TASK STATEMENT:
Please make sure what you return matches the listing below exactly, minus its pictures.

DATA:
◇ ◇ ◇

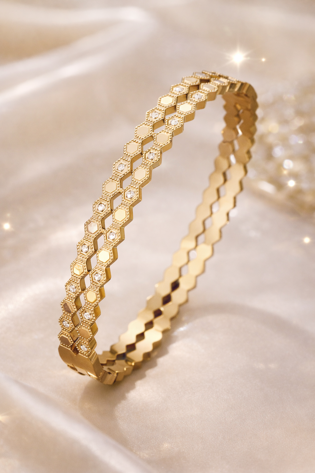 Découvrez notre collection exclusive conçue pour la femme moderne qui ne veut plus choisir entre style et durabilité. Chaque pièce, qu'il s'agisse de nos bracelets joncs ciselés ou de nos colliers aux motifs floraux, est une célébration de la finesse et de la résistance.
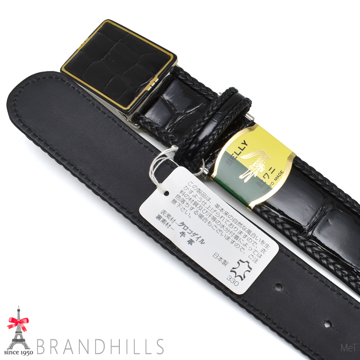 クロコダイル ベルト メンズ ブラック シャイニング加工 紳士用 幅35ミリ ピンバックル式 革編み縁取り 裏:牛革 日本製 新品
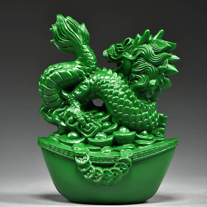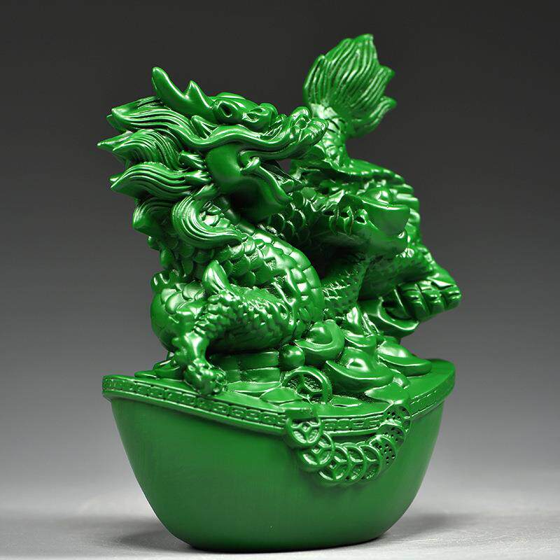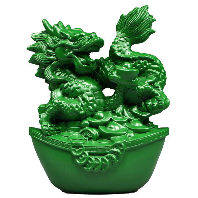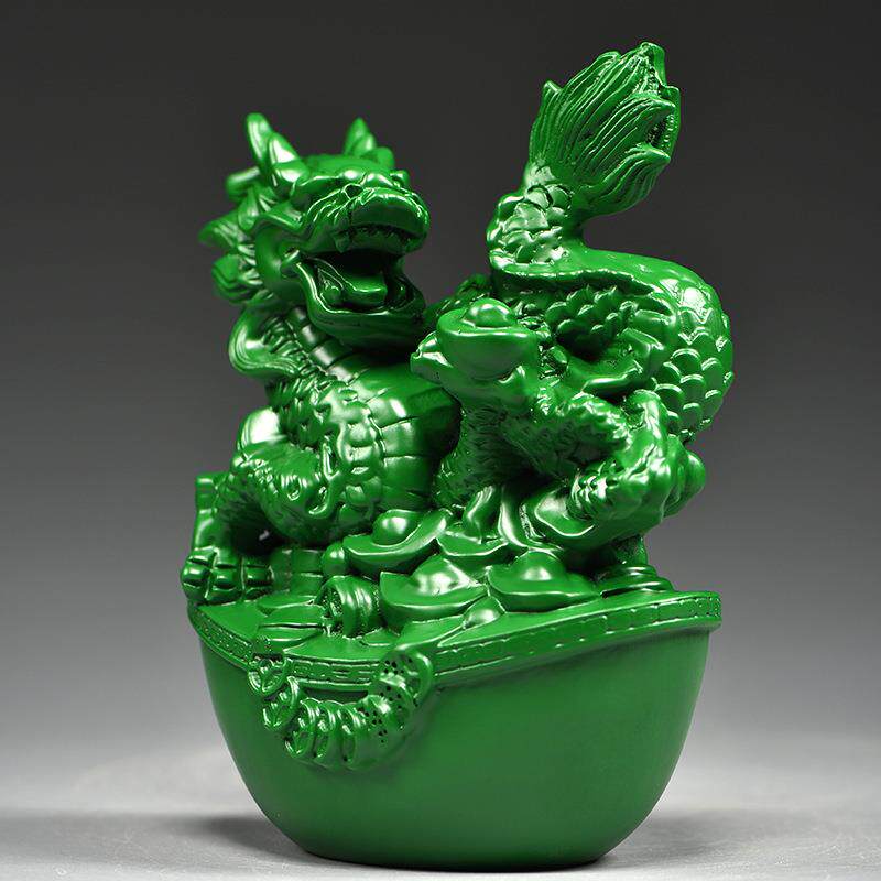 绿色实木质龙摆件十二生肖青色纯木头雕龙形工艺品客厅电视柜装饰
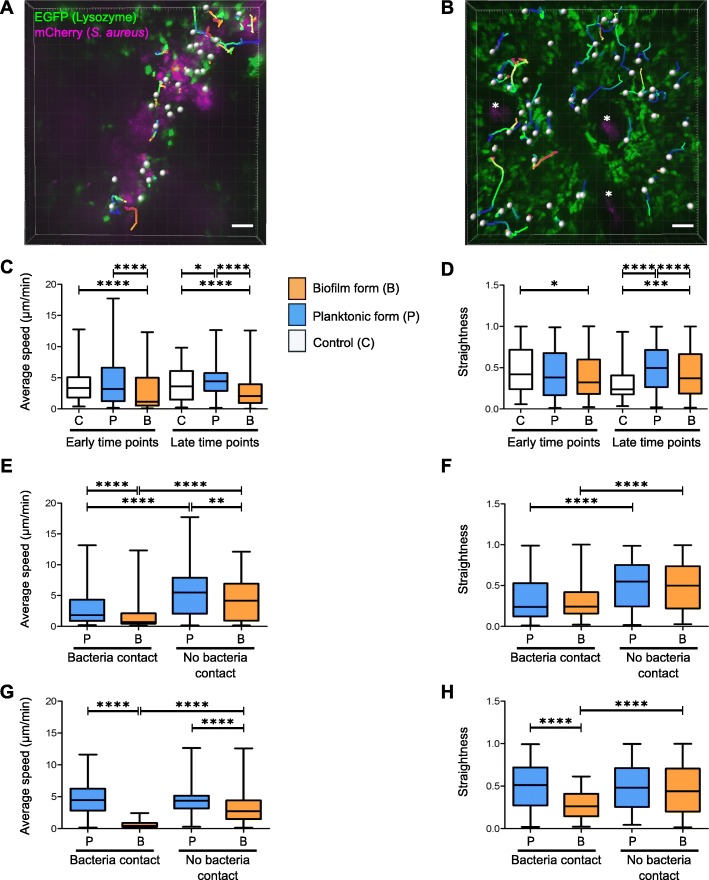 Results: We propose an in vivo transgenic mouse model, used in conjunction with intravital confocal microscopy to study the dynamics of host inflammatory responses to bacteria. Culture conditions were created to prepare calibrated inocula of fluorescent planktonic and biofilm forms of bacteria. A confocal imaging acquisition and analysis protocol was then drawn up to study the recruitment of innate immune cells in the skin of LysM-EGFP transgenic mice. Using the mouse ear pinna model, we showed that inflammatory responses to S. aureus can be quantified over time and that the dynamics of innate immune cells after injection of either the planktonic or biofilm form can be characterized. First results showed that the ability of phagocytic cells to infiltrate the injection site and their motility is not the same in planktonic and biofilm forms of bacteria despite the cells being considerably recruited in both cases.

◇ ◇ ◇

PROBLEM SOLUTION:
 Découvrez notre collection exclusive conçue pour la femme moderne qui ne veut plus choisir entre style et durabilité. Chaque pièce, qu'il s'agisse de nos bracelets joncs ciselés ou de nos colliers aux motifs floraux, est une célébration de la finesse et de la résistance.
 クロコダイル ベルト メンズ ブラック シャイニング加工 紳士用 幅35ミリ ピンバックル式 革編み縁取り 裏:牛革 日本製 新品
 绿色实木质龙摆件十二生肖青色纯木头雕龙形工艺品客厅电视柜装饰
 Results: We propose an in vivo transgenic mouse model, used in conjunction with intravital confocal microscopy to study the dynamics of host inflammatory responses to bacteria. Culture conditions were created to prepare calibrated inocula of fluorescent planktonic and biofilm forms of bacteria. A confocal imaging acquisition and analysis protocol was then drawn up to study the recruitment of innate immune cells in the skin of LysM-EGFP transgenic mice. Using the mouse ear pinna model, we showed that inflammatory responses to S. aureus can be quantified over time and that the dynamics of innate immune cells after injection of either the planktonic or biofilm form can be characterized. First results showed that the ability of phagocytic cells to infiltrate the injection site and their motility is not the same in planktonic and biofilm forms of bacteria despite the cells being considerably recruited in both cases.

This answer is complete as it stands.